Hemp the not-so-secret ingredient for new Italian eatery

Courtesy of Hemp Kitchen

Source: Courtesy of Hemp Kitchen

With hemp products in every one of their dishes, Hemp Kitchen aims to set itself apart from alternative eateries with a distinctly Italian menu and a wide appeal to the gluten-free market.


A new Italian restaurant in Melbourne has put hemp at the centre of its cooking. Hemp Kitchen manages to include hemp – legalised for consumption in Australia since November 2017 – in all of its dishes.

"Higher living without the high," is the motto of the restaurant, whose founders say they are motivated by hemp's nutritional value rather than the plant's connection to marijuana or drug culture.

Hemp used in food in Australia must contain less than 0.5 per cent of the psychoactive ingredient tetrahydrocannabinol (THC).  The versatile plant has now been introduced in various dishes and recipes throughout the world, adding different vegetable proteins and amino-acids to dishes, and allowing the creation of new gluten-free recipes.

Flour made from hemp, hemp oil and hemp seeds are the main consumable byproducts of the plant. The founding trio of Hemp Kitchen worked hard to develop their recipes to include these components in authentic-tasting Italian recipes.
Manager Emanuele Cereda, pizza maker Vittorio Nasti, and chef Leone Pantani say it was a challenge to weave hemp into their recipes - particularly in the doughs used for pasta and pizza - but it's one they believe they have surpassed.

"We had to do many, many tests," says Cereda. "Before opening we would often meet in the kitchen to study and experiment with the dough to be able to make the basic dough we use for making pasta, pizza and bread.

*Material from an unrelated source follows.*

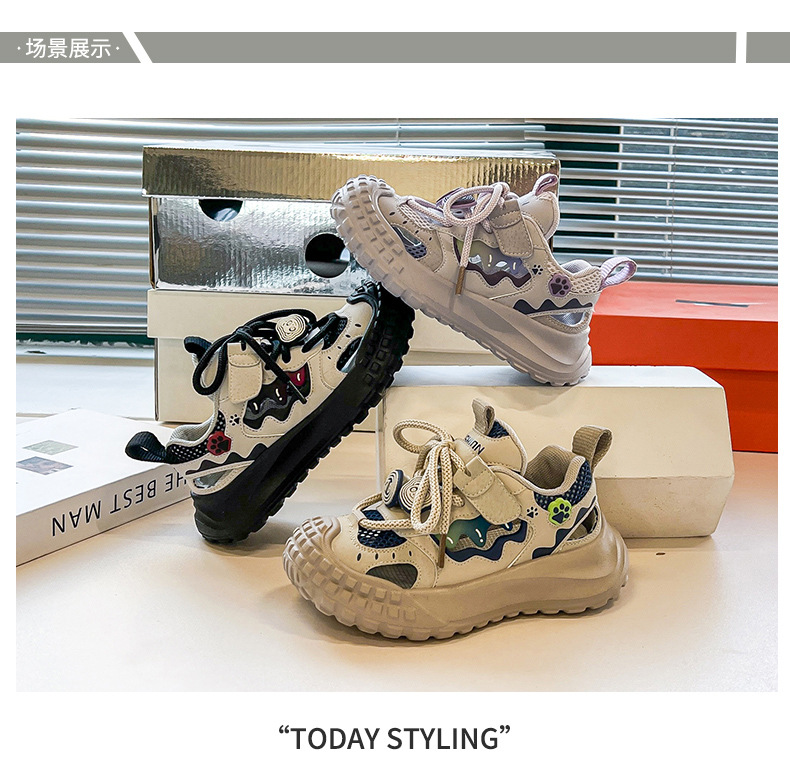 어린이 스포츠 샌들 2025 봄과 여름 새로운 소녀 메쉬 통기성 토레 신발 패션 소년 캐주얼 프레임 신발스토어 가기

"We use gluten-free flours and hemp flour, and combine them into something that could, for example, taste like a normal pizza without anyone noticing. I can say that today we have done it. Many people who do not know that it is gluten-free do not notice it, and this is very satisfying for us."

Cereda and his business partners have always worked in the restaurant and hospitality business. Nasti comes from a family of traditional Italian pizza makers himself.

"With a bit of passion, a little curiosity and enjoying the challenge, we have revisited the classic dishes of Italian cuisine by trying them on re-adjust to modern cuisine dishes that are based more on health," says Cereda.
SBS Italian
Vittorio Nasti, pizzaiolo, Leone Pantani, chef, Emanuele Cereda, manager Source: SBS Italian
In Australia many restaurants have recently introduced hemp to their menus, especially among those focused on alternative cuisines, offering customers health-conscious, vegan, vegetarian or gluten-free dishes. In Nimbin, NSW, for example there is also the Nimbin Hemp Bar, but Hemp Kitchen is the first restaurant in Victoria where hemp is in every dish on the menu.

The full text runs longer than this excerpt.